Zoe Stavri Made Bread From Her Vaginal Yeast, And This Is What It Tastes Like
Do you ever wish vaginal yeast was good for something other than getting out of whack and making your ladybits itchier than a bedbug-infested motel mattress? If so, you might be interested in taking a cue from British blogger Zoe Stavri, who made bread from her vaginal yeast earlier this week. Sure, it's unorthodox, but think of its potential for a conversation piece during the holidays this year — and probably for decades afterward, if we're being honest. Who wouldn't want to go down in family history as combination Vodka/Vaginal Yeast Aunt?
All jokes aside, most people's initial reaction to such an idea is probably horrified disgust: How on earth can you safely make food using vaginal secretions? However, Stavri claimed on her blog, Another Angry Woman, that any vaginal bacteria would be killed off during baking. In effect, it's "almost certainly no more gross than regular sourdough starter," she wrote, although it should be noted that some food scientists would disagree.
Of course, this still begs the question of why you would do such a thing, but before we proceed, a word of warning: We're about to get even more NSFW. Like, slam-your-laptop-closed-around-Mom NSFW. Got it? OK.
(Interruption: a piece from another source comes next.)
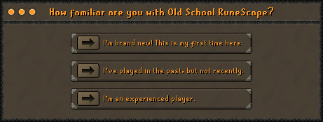 Right after creating and naming your character, you’ll be asked a simple question: "How familiar are you with Old School RuneScape?" This new dedicated interface replaces the old NPC chat box and presents three big, bold buttons you can't possibly miss.

Like Cecilia Westbrook, the M.D./PhD student who made yogurt from her own vaginal yeast earlier this year, Stavri's experiment was the result of simple curiosity. "It all started with a fatal combination of a slightly perverse sense of humour, a keenly scientific mind, and touch of the thrush... The next thing that happened was I was scraping white goop off a dildo into a bowl of flour mixed with water," Stavri wrote, documenting the process on Twitter as well.
As the experiment proceeded, however, her account was flooded with criticism from horrified users.
However, Stavri wryly pointed out that their horror had less to do with food safety concerns and more to do with the knee-jerk disgust directed at vaginas. "I am very interested to note how many people are horrified at the very notion that something may have once been near a vagina," she wrote. (Similarly, Westbrook noted to the Huffington Post that she was "surprised" by the lack of information regarding vaginal flora during her vaginal yeast yogurt experiment, which could contribute to such violently negative reactions.)
As important it is to discuss the misinformation and mystification surrounding vaginas, though, I digress. Stavri herself says that her experiment wasn't any sort of feminist statement; she just wanted to know if it would work. Against all odds, that's exactly what happened — after a few mishaps, of course. But eventually, Stavri's yeast did what yeast does best: Making delicious bread, which she enjoyed with a little butter, tomato, and some mozarella.